--- START ---

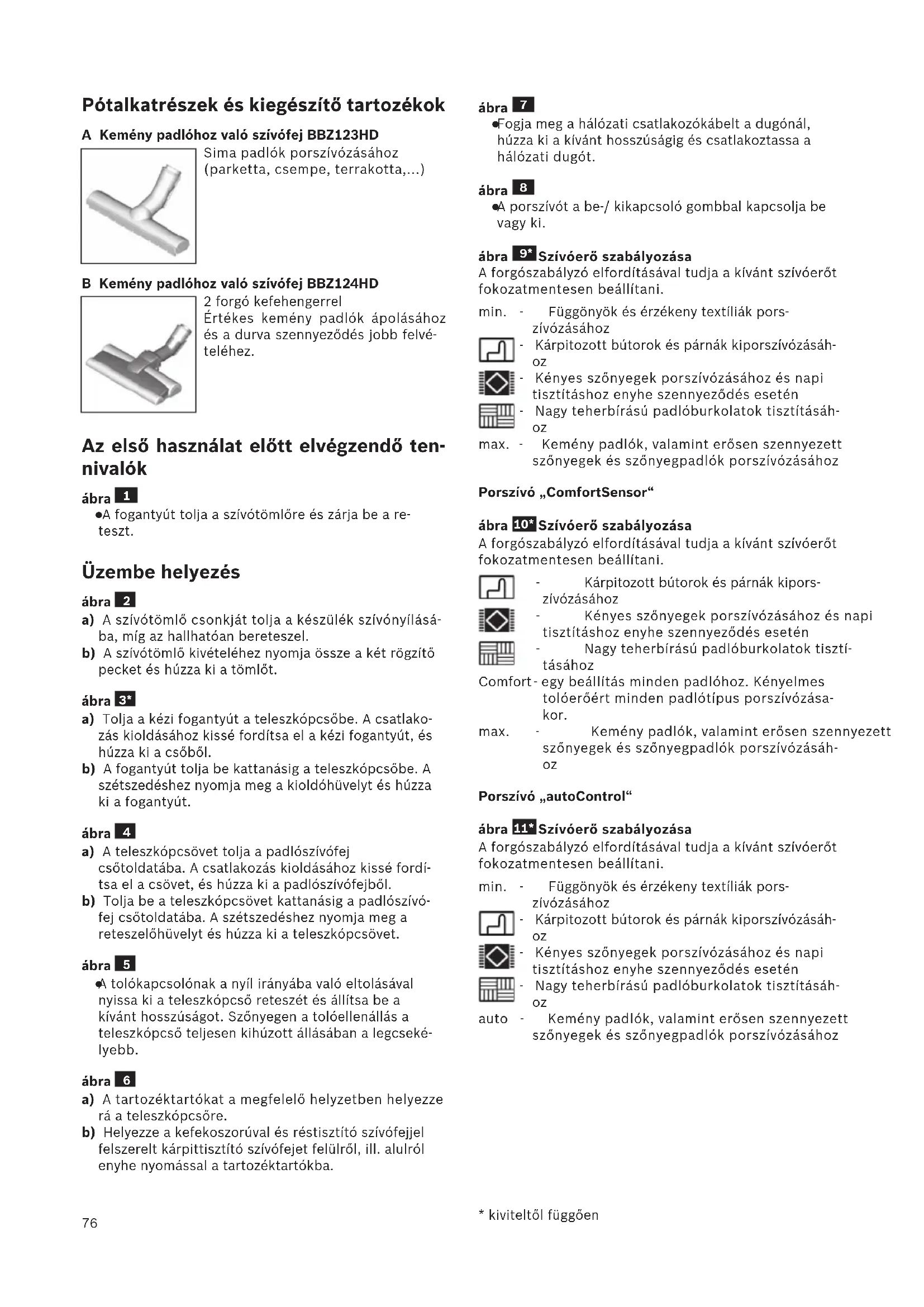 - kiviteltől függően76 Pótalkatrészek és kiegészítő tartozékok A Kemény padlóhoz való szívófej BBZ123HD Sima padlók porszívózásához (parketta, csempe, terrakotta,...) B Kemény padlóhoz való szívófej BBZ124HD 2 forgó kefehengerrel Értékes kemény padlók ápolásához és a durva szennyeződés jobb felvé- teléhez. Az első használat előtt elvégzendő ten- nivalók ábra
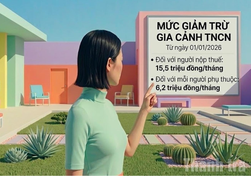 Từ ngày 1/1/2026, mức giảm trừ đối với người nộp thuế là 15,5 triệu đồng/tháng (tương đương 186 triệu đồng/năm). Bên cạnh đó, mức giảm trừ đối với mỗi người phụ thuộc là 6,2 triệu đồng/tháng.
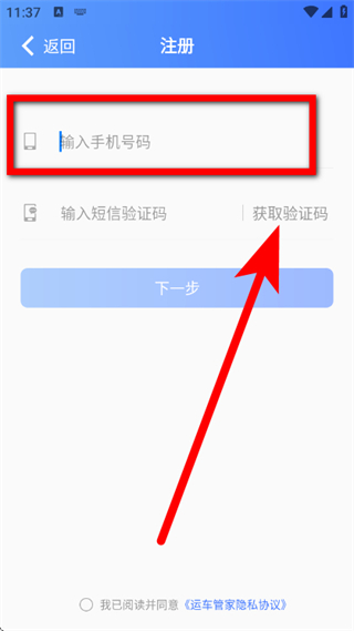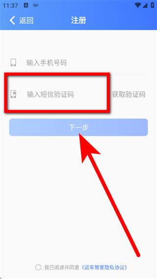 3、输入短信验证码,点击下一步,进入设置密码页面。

--- END ---

→ BRIEF
Your reply should be the full data above, copied exactly, with no pictures in it.

→ WRITTEN ANSWER
 - kiviteltől függően76 Pótalkatrészek és kiegészítő tartozékok A Kemény padlóhoz való szívófej BBZ123HD Sima padlók porszívózásához (parketta, csempe, terrakotta,...) B Kemény padlóhoz való szívófej BBZ124HD 2 forgó kefehengerrel Értékes kemény padlók ápolásához és a durva szennyeződés jobb felvé- teléhez. Az első használat előtt elvégzendő ten- nivalók ábra
 Từ ngày 1/1/2026, mức giảm trừ đối với người nộp thuế là 15,5 triệu đồng/tháng (tương đương 186 triệu đồng/năm). Bên cạnh đó, mức giảm trừ đối với mỗi người phụ thuộc là 6,2 triệu đồng/tháng.
 3、输入短信验证码,点击下一步,进入设置密码页面。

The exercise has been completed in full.